■ **Data extract**:
◇ ◇ ◇

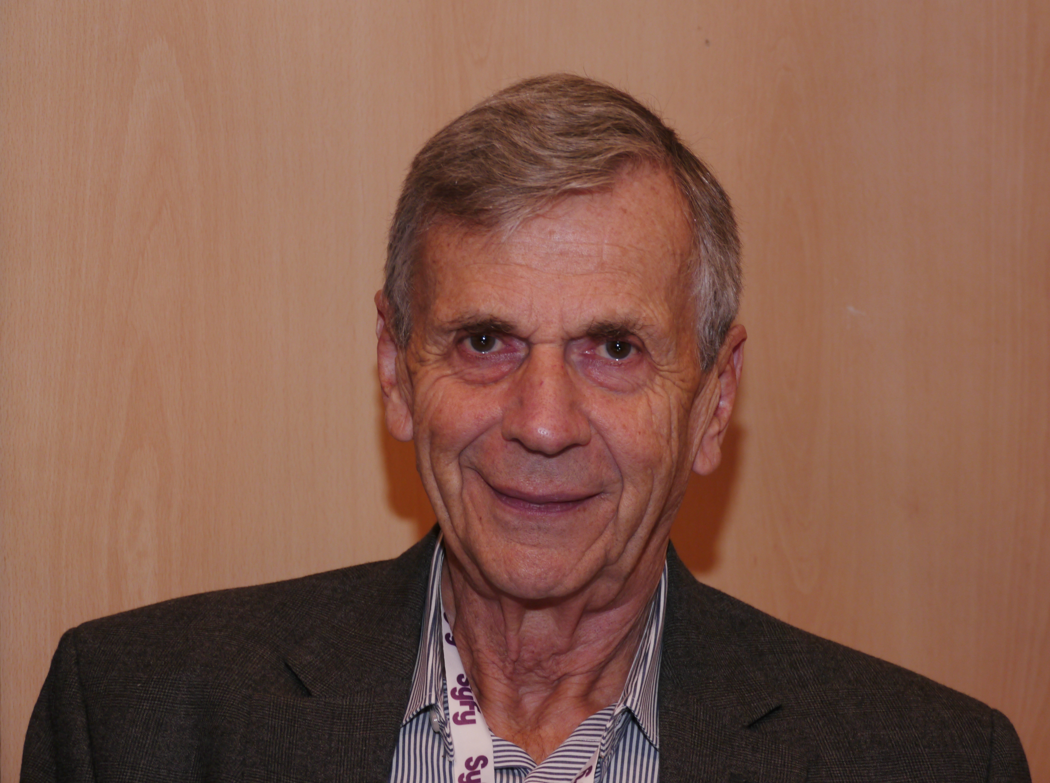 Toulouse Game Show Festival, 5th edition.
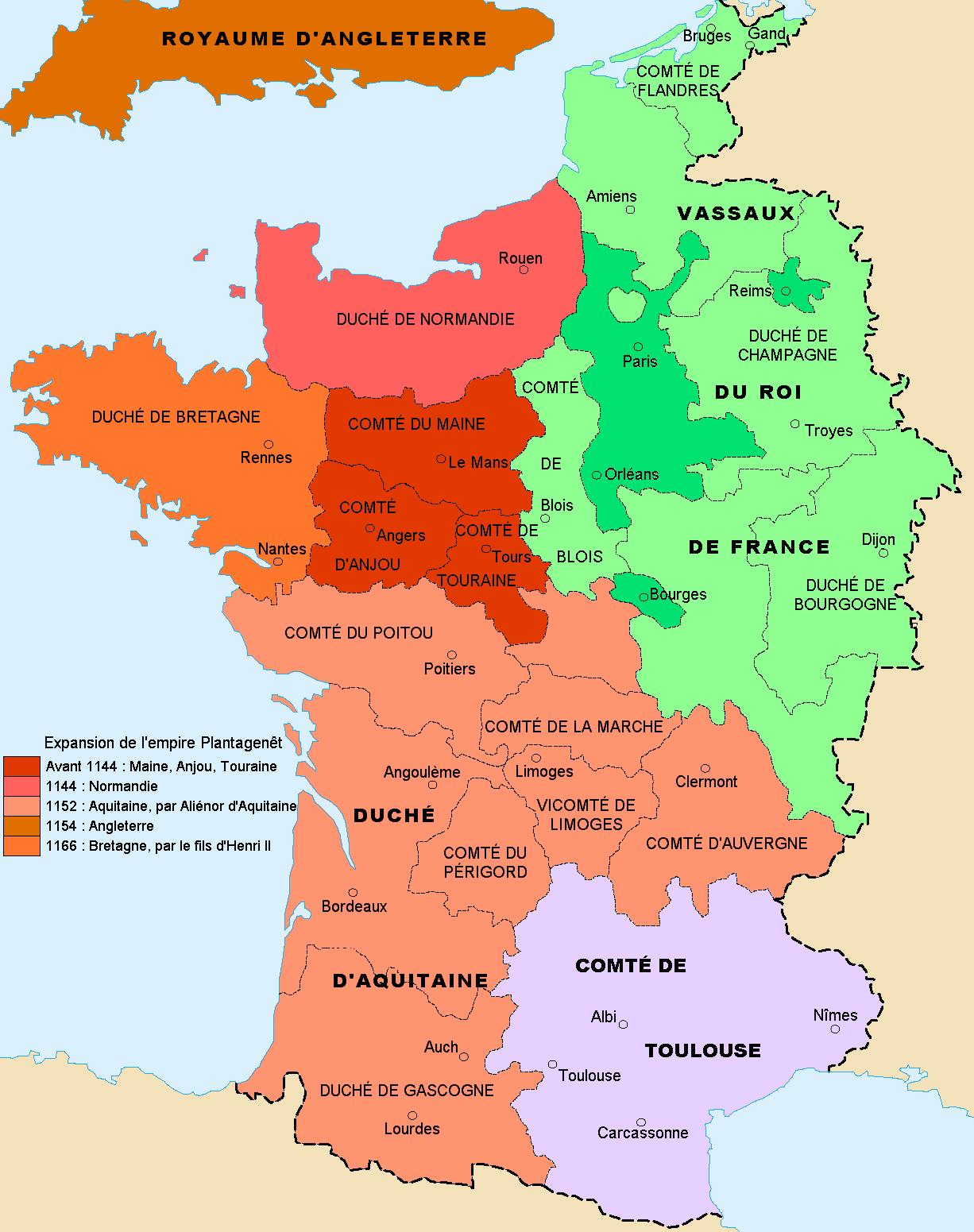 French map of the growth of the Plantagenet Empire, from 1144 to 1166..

◇ ◇ ◇

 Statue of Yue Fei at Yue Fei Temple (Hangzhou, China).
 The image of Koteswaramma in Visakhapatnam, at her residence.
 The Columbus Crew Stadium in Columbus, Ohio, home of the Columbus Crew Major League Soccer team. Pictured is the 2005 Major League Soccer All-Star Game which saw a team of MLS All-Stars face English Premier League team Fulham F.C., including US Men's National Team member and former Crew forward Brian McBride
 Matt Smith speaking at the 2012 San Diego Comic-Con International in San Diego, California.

◇ ◇ ◇

■ **What is being asked**:
Begin at the line in the entries above that has "Toulouse Game Show Festival, 5th edition.", stop after the line that has "French map of", and output exactly those lines without pictures.

■ **Reply to the exercise**:
 Toulouse Game Show Festival, 5th edition.
 French map of the growth of the Plantagenet Empire, from 1144 to 1166..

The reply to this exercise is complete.